I am working on creating Egnyte tap. They use non ...
# singer-tap-development
n
I am working on creating Egnyte tap. They use non standard API pagination (cursor). Based on what startDate the GET request is made for we might get data or empty events. Empty events don't mean there is no data. This is their response body:
Copy code
{
  "events": [],
  "nextCursor": "AAGxMwAAAZGg69ZzAAAAAAAAAAAAAAAAAAAAAA",
  "moreEvents": true,
  "cursorExpired": false
}
In this case there are more events, but meltano won't be requesting for next page since there are no events. How to force meltano to keep making requests until we have "moreEvents" false. This is the current paginatior implementation:
Copy code
class EgnytePaginator(BaseAPIPaginator):

    def get_next(self, response: Response) -> Optional[str]:
        moreEvents = response.json().get("moreEvents")
        if moreEvents is False:
            return None
        return response.json().get("nextCursor")
client.py get_url_params
Copy code
def get_url_params(
        self,
        context: Context | None,  # noqa: ARG002
        next_page_token: Any | None,  # noqa: ANN401
    ) -> dict[str, Any]:

        params: dict = {}
        if next_page_token:
            logging.info(f'Next token: {next_page_token}')

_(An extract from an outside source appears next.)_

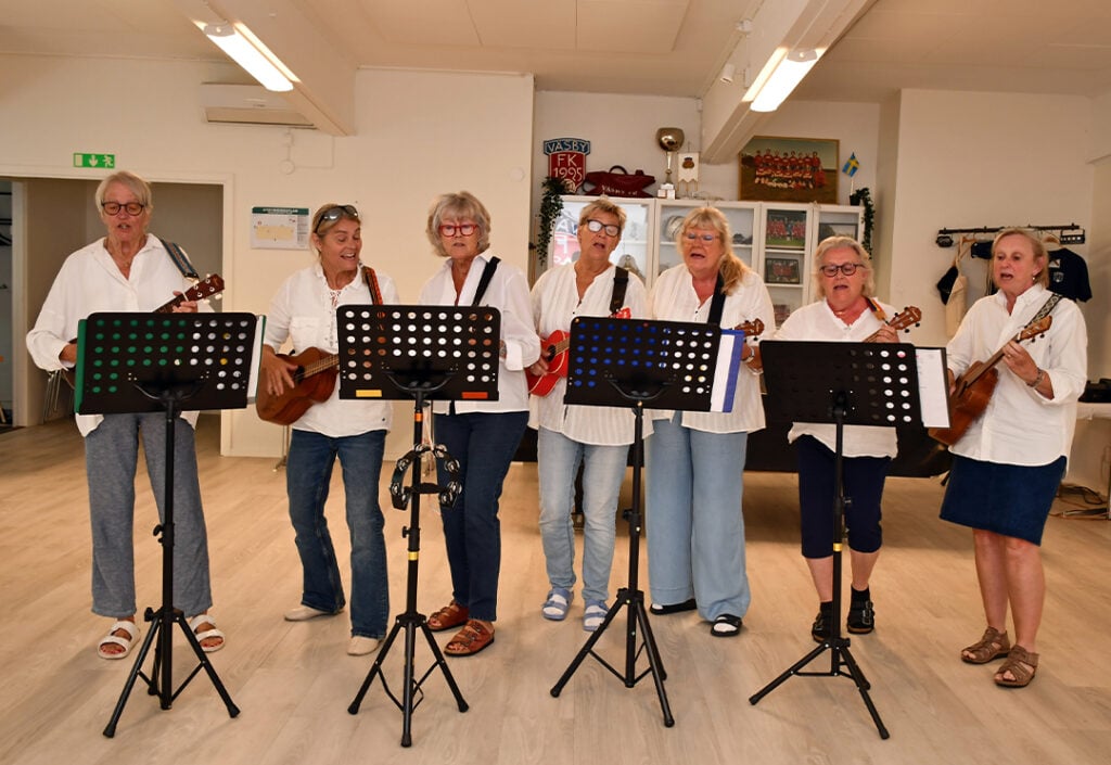 Det svänger rejält när medlemmarna i ukuleleorkestern slår an ackorden och sjunger i stämmor för full hals. Musiken hörs långt utanför föreningslokalen på Väsby idrottsplats utanför Höganäs, där de repeterar.

            params["nextCursor"] = next_page_token
            return params
        params["startDate"] = self.start_time
n
Hi, I have overriden has_more post the above suggestion. It still doesn't solve the issue. This is the log message I get:
Copy code
2024-08-30 17:26:38,122 | INFO     | root                 | Parsed 0 events from response
2024-08-30 17:26:38,123 | INFO     | root                 | More events: True
2024-08-30 17:26:38,123 | INFO     | root                 | Next cursor: AAGxMwAAAZGIACLgAAAAAAAAAAAAAAAAAAAAAA
2024-08-30 17:26:38,123 | INFO     | tap-egnyte.auth_events | Pagination stopped after 0 pages because no records were found in the last response
e
@Nir Diwakar (Nir) maybe the situation with this API is similar to https://github.com/meltano/sdk/issues/2318#issuecomment-2207861611? The rationale for this is that most APIs do send an empty response whenever there's no more data available, so the current implementation is there to help a majority of developers so they don't need to implement the breaking logic themselves. We could implement an opt-out though, so I'm happy to read suggestions.
n
A simple addition solves the issue of premature pagination:
Copy code
def parse_response(self, response: Response) -> Iterable[dict]:
    data = response.json()
    events = data.get("events", [])
    if events:
        for event in events:
            yield event
    elif data.get("moreEvents"):
        # Yield None to indicate pagination should continue
        yield {}
👍 2
e
Oh yup, that's a reasonable workaround 👍